**Task goal**
For the material below, reproduce exactly each line from the one that has "Crimson Queen Japanese Maple foliage" through the one that has "A member from", and no others; pictures stay out.

-- Input for this task follows --

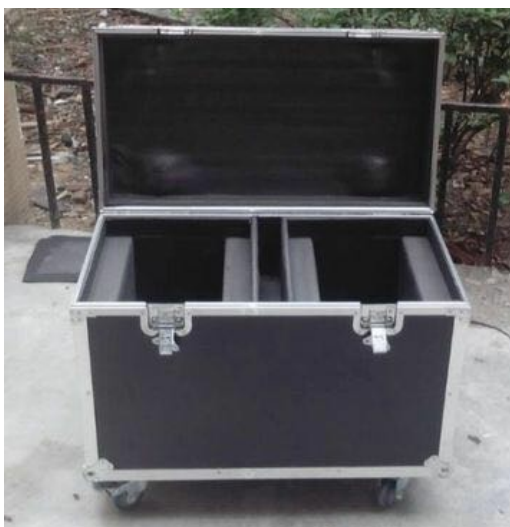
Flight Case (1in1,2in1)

-- Input for this task concluded --
-- Input for this task follows --

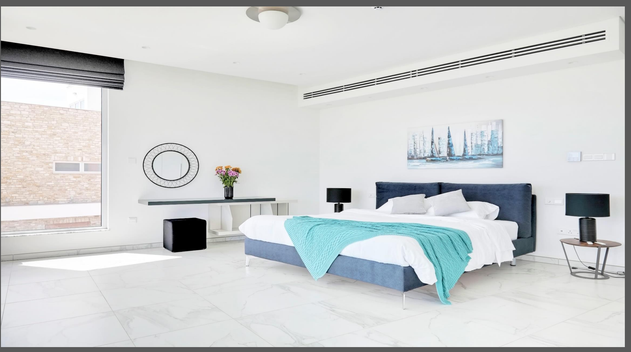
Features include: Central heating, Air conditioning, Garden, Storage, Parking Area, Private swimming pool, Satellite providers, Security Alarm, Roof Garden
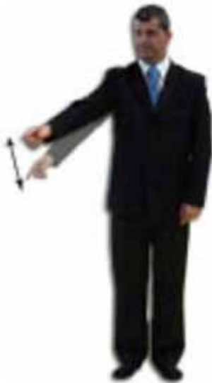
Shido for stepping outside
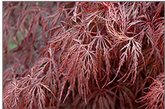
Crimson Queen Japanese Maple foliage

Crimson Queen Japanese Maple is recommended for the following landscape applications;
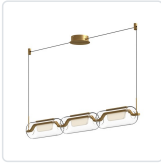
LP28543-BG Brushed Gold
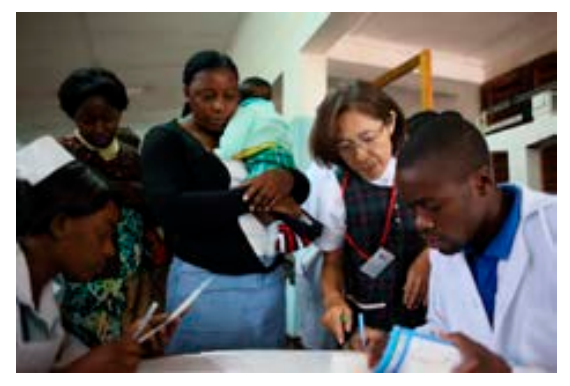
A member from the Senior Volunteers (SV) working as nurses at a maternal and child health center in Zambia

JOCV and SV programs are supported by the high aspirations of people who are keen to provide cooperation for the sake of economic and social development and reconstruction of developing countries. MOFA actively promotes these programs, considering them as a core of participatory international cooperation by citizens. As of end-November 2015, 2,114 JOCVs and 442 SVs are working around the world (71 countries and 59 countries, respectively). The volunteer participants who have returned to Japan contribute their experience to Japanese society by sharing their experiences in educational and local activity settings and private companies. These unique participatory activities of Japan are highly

-- Input for this task concluded --

**Task result**
Crimson Queen Japanese Maple foliage

Crimson Queen Japanese Maple is recommended for the following landscape applications;
LP28543-BG Brushed Gold
A member from the Senior Volunteers (SV) working as nurses at a maternal and child health center in Zambia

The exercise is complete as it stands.